These new regulations are intended to plug that legal lacuna.
What to expect
Among the proposed changes:
Exchanges control regulations are replaced with a new capital flow management framework intended to move away from preapprovals for foreign transactions to a risk-based model focused on reporting and surveillance of high impact and high risk cross-border transactions, and the combatting of illicit financial flows.
Crypto as capital: The definitions specifically include crypto assets or any intellectual property with monetary value which can be converted to money (but not immovable except property). This supposedly ends the debate as to whether BTC is currency or capital.
Crypto asset regulation: A new concept called “authorised crypto asset service providers” is introduced. These are licensed under the Financial Intelligence Centre Act, authorised by National Treasury, to facilitate import and export of capital, directly or indirectly using crypto assets.
Increased penalties: Anyone violating the regulations is liable to a fine of R1 million, imprisonment of five years, or both. Penalties can go higher where the offence relates to money, crypto assets or property.
Declaration of foreign assets: Anyone in SA must declare foreign and crypto assets within 30 days of obtaining control or possession, or even if they become entitled to sell or transfer these assets.
Restrictions on non-resident securities: As this primer from ENS makes clear, the draft regulations propose clearer definitions of “controlled security” and “non-resident”. Specific permissions from National Treasury or an authorised person would remain required for activities such as acting as nominee for non-residents or making entries in securities registers involving non-residents.
Objections
Members of the bitcoin community have already taken a cleaver to the proposed regulations, pointing to a potential legal confrontation if the regulations pass in their current form.

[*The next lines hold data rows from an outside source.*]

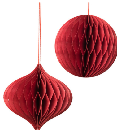
DECORATIVE PAPER BAUBLE , Ø13 CM, POMPEIAN RED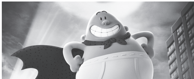
A scene from "Captain Underpants: The First Epic Movie"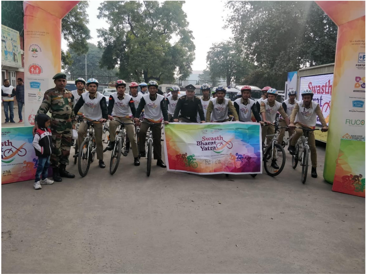
Cycle Rally for Swasth Bharat Yatra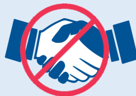
Avoid Shaking Hands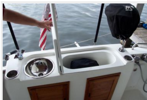
Sink, Cooler, Magma Grill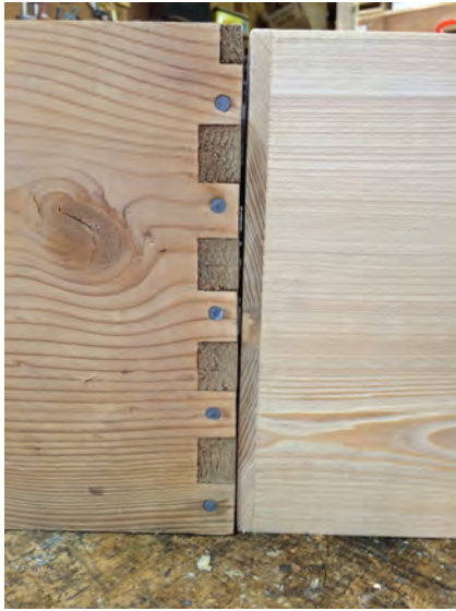
Figure 3 – The side faces of rabbet- (right) and box- (left) jointed, deep supers. This side of a rabbet joint needs no nails/screws but does have exposed end grain down the entire side (strip of wood to the left of the seam in the super on the right) and includes a visible seam. The box-jointed super accommodates five additional nails/screws on this side, exposes additional areas of end grain (wood “boxes” between the nails), and has a considerable, visible seam (the zigzag crack) exposed.

damage. Take a look at the joints of the two deep supers shown in Figures 2 and 3. Both figures include a super having a “box” joint, where two sides of the super interlock much like fingers in a clasped hand. Box joints are slightly different from “dovetail” joints where the interlocking fingers are tapered. Both figures also include a super having a type of “rabbet” joint which is where one side of the super fits snugly into a special groove cut into the adjoining side of the super (the special groove can be seen in Figure 4). The end result of a rabbet joint is a joining of the two sides at a simple, straight line, or seam, that is present only on one side of the super. On the other hand, a super with box joint has a seam that zigzags down both faces of the interlocking sides. I have never done the math, but there is easily two-to-three times more surface area to protect on a box joint than there is on a rabbet joint.

There is nothing stopping a border agent detaining a South African on suspicion of holding a BTC seed phrase in their head and demanding it be handed over.
The regulations are far too inclusive, says macro strategist Shiven Moodley: “It treats payment stablecoins, governance tokens, tokenised securities, tokenised debt, tokenised fund interests, utility tokens, and crypto collateral as though they are one regulatory object merely because they use distributed ledger technology. The definition is built around form, not function.”
This broad brush approach to regulation creates legal uncertainty and may accidentally misclassify instruments that should be regarded as “securities”, or other recognised property rights, adds Moodley.
“This matters because the same instrument can have more than one legal character. A tokenised share is not merely a ‘crypto asset’. It is also evidence of rights in an issuer.”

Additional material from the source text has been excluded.